Bigot doesn't like increased life expectancy....he wants people to die young so that he can get rid of SS and the like. Bigot thinks he's on the side of the Founding Fathers....but what right wing media doesn't tell bigot is that the founding fathers weren't against taxation....but taxation without representation. Even if one never takes a dime out of the system in their lifetimes...it's still there if they need it...that equals....Representation.
 
Voters are reacting in broadly negative ways to the Supreme Court’s decision to uphold the legislation known as Obamacare, a new Newsweek/Daily Beast poll finds, with a majority disapproving of the ruling, fearing health-care costs and taxes will rise, and preferring Mitt Romney to President Obama on the issue.

At the same time, voters scored the ruling a short-term political win for the president by a huge margin.

Overall, 50 percent of those polled said they disapprove of the court’s 5–4 decision, while 45 percent said they support it. Consistently, a majority of voters said that they oppose the individual mandate (53 percent); believe taxes will increase (52 percent); believe their personal health-care costs will increase (56 percent); and disapprove of Obama’s handling of health care in general (58 percent).
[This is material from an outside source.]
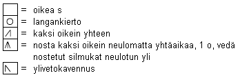 pitäisi kuitenkin osua kaaviosta joko kaksoiskavennuksen keskikohta tai langankiertojen välinen oikea silmukka. Kaaviossa
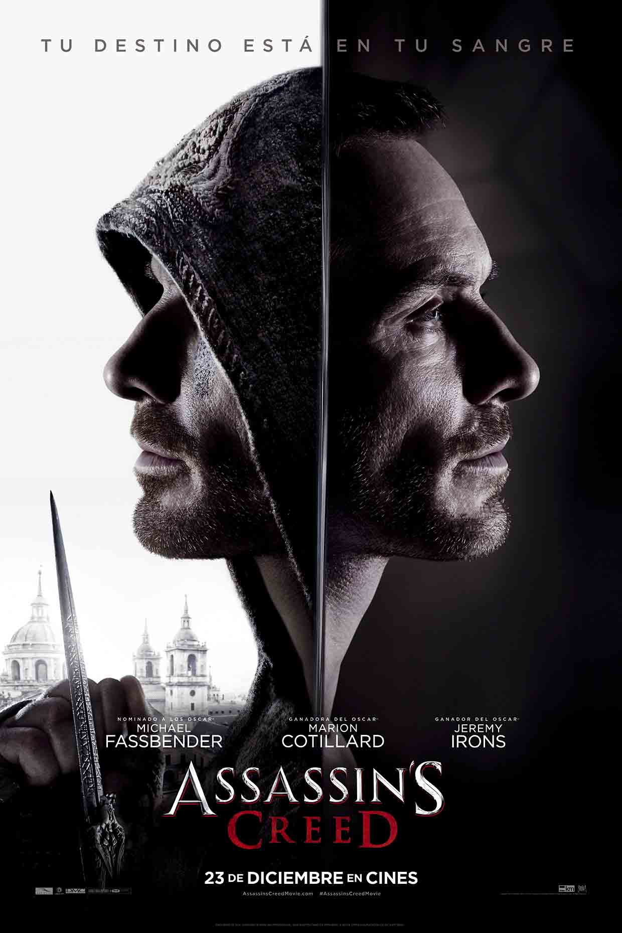 Estreno en España: 23 de diciembre de 2016. Título original: Assassin’s Creed. Duración: 108 min. País: EE.UU. Director: Justin Kurzel. Guión: Adam Cooper, Bill Collage, Michael Lesslie. Música: Jed Kurzel. Fotografía: Adam Arkapaw. Reparto principal: Michael Fassbender, Marion Cotillard, Ariane Labed, Jeremy Irons, Brendan Gleeson, Michael Kenneth Williams, Charlotte Rampling, Brian Gleeson, Carlos Bardem, Hovik Keuchkerian, Matias Varela, Denis Ménochet, Mohammed Ali,Javier Gutiérrez, Dino Fazzani, Gabriel Andreu, Megan Affonso. Producción: 20th Century Fox, Regency Enterprises, DMC Film, Ubisoft. Distribución: 20th Century Fox. Género: videojuegos, aventura, ciencia ficción. Web oficial:http://www.fox.es/assassins-creed

Only 24 percent of those polled said that they believe the ruling will make the country better off.

New Poll: Voters Dislike Supreme Court

Not that it matters to me because justices don't vote to be popular....unless you listen to Charles Krautwhatever....who think Roberts only did this to preserve the integrity of the court (and if he did...boy did he blow that one).

However, it does have some thought provoking information with regards to how people might vote come November.

Romney needs to ram this up Obama/Axelrod/Jarrett's asses.

Telling how the right ignores the fact that the Court upheld fundamental tenets of conservative jurisprudence – they’re just angry Obama didn’t get his ‘smack down,’ the Constitution and its case law be damned.

Exactly, if the court had ruled otherwise the screams would have been "See, the POS POTUS is trying to overturn the the Constitution!"
Now the screams are about a traitorous Supreme Court judge - forgetting that the Supreme Court is there to interpret the Constitution as written and not according to party doctrine.
 
Voters are reacting in broadly negative ways to the Supreme Court’s decision to uphold the legislation known as Obamacare, a new Newsweek/Daily Beast poll finds, with a majority disapproving of the ruling, fearing health-care costs and taxes will rise, and preferring Mitt Romney to President Obama on the issue.

At the same time, voters scored the ruling a short-term political win for the president by a huge margin.

Overall, 50 percent of those polled said they disapprove of the court’s 5–4 decision, while 45 percent said they support it. Consistently, a majority of voters said that they oppose the individual mandate (53 percent); believe taxes will increase (52 percent); believe their personal health-care costs will increase (56 percent); and disapprove of Obama’s handling of health care in general (58 percent). Only 24 percent of those polled said that they believe the ruling will make the country better off.

New Poll: Voters Dislike Supreme Court

Not that it matters to me because justices don't vote to be popular....unless you listen to Charles Krautwhatever....who think Roberts only did this to preserve the integrity of the court (and if he did...boy did he blow that one).

However, it does have some thought provoking information with regards to how people might vote come November.

Romney needs to ram this up Obama/Axelrod/Jarrett's asses.

Polls like this are kinda arbitrary.

I mean I like Parts of the Ruling. It curtails the Commerce Clause, it Says the Fed can not Coerce States.

I don't like that it appears to give them unlimited taxing powers. I don't like of course that were still stuck with Obama Care.

Yep.
Other polls say that Americans are broadly in favour of the Act except for the IM provision.